* Required work: Go through the records below from the first line and print each one exactly, stopping after the line that contains "An engineers job". Do not print pictures or anything past that line.

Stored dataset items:
━━━━━━━━━━━━━━━━━━━━

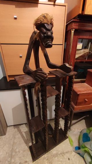 Figura Africana de madera tallada para almacenar los CD. También se puede usar como decoración, ya que es una antigüedad. Más información preguntar.
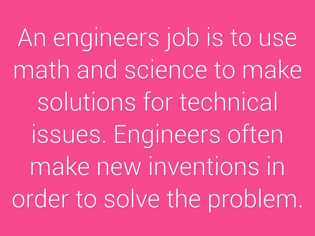 An engineers job is to use math and science to make solutions for technical issues. Engineers often make new inventions in order to solve the problem.
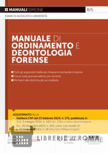 Il Manuale di Ordinamento e Deontologia Forense tratta in maniera approfondita l'ordinamento forense, regolato dalla L. 247/2012, e le norme del codice deontologico, emanato dal Consiglio Nazionale Forense. Il testo è stato completamente ripensato, dandogli questa nuova veste, allo scopo di trattare gli argomenti in maniera innovativa, dando il giusto spazio agli approfondimenti normativi e giurisprudenziali e alle novità legislative senza, tuttavia, sacrificare l'esposizione semplice e immediata volta a facilitare lo studio e l'apprendimento. Il manuale si suddivide in due parti: la prima è dedicata all'ordinamento forense, la seconda alla deontologia, con particolare attenzione al procedimento disciplinare, illustrato dalla fase iniziale a quella conclusiva. In chiusura, viene analizzato il codice deontologico europeo vista la crescente importanza del diritto europeo nell'esercizio della professione forense. Tra le novità legislative trattate nel nuovo manuale si evidenzia la legge sull'equo compenso (L. 49/2023), che assume rilevanza anche dal punto di vista disciplinare. Infatti, al fine di dare seguito alla nuova legislazione in materia, il Consiglio Nazionale Forense ha introdotto, nella seduta del 23 febbraio 2024, l'art. 25bis rubricato «violazioni delle disposizioni in materia di equo compenso». Per le sue caratteristiche, il Manuale è rivolto a chi affronta la preparazione dell'esame per l'abilitazione alla professione di avvocato, nonché al professionista che abbia la necessità di aggiornarsi e di seguire le novità della materia. Scopri tutti i testi dedicati all'Esame Avvocato 2024, compresi i libri per la prova orale di diritto civile e penale.
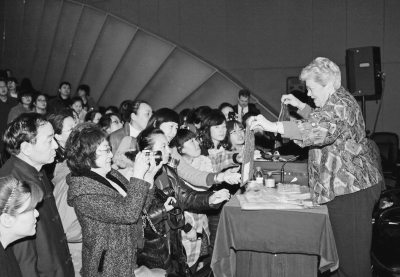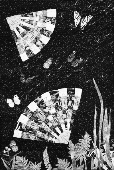 展览现场,来自美国的拼布艺术家Martha Ginn女士与观众互动。左图为她捐赠给大连现代博物馆的作品《蝴蝶飞过》。李 慧 摄
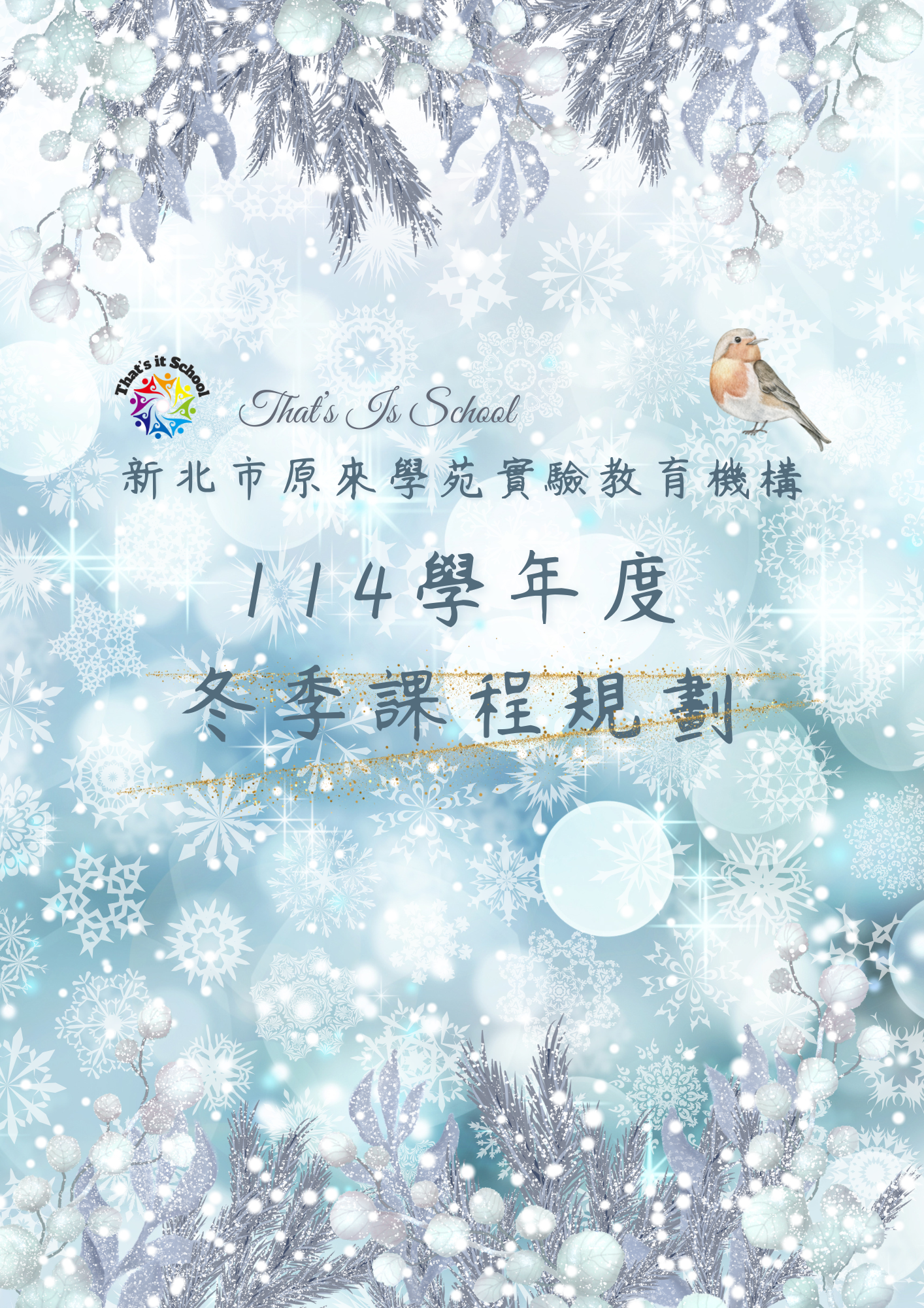 114學年度 冬季課程規劃 ⭕️114學年度 ❄️冬季課程規劃 A班導師:徐子涵老師+孫嘉駿老師(西瓜) 👉https://tinyurl.com/48ttnb5x B班導師:張益誠老師(阿誠) 👉https://tinyurl.com/f56bpfjp C班導師:朱佳仁老師(小朱)+洪聖筑老師(小葵) 👉https://tinyurl.com/jr7zn3nv 高中部導師:林彥宏老師(老帥) 👉https://tinyurl.com/5hc8zut7

━━━━━━━━━━━━━━━━━━━━

* Exercise answer:
 Figura Africana de madera tallada para almacenar los CD. También se puede usar como decoración, ya que es una antigüedad. Más información preguntar.
 An engineers job is to use math and science to make solutions for technical issues. Engineers often make new inventions in order to solve the problem.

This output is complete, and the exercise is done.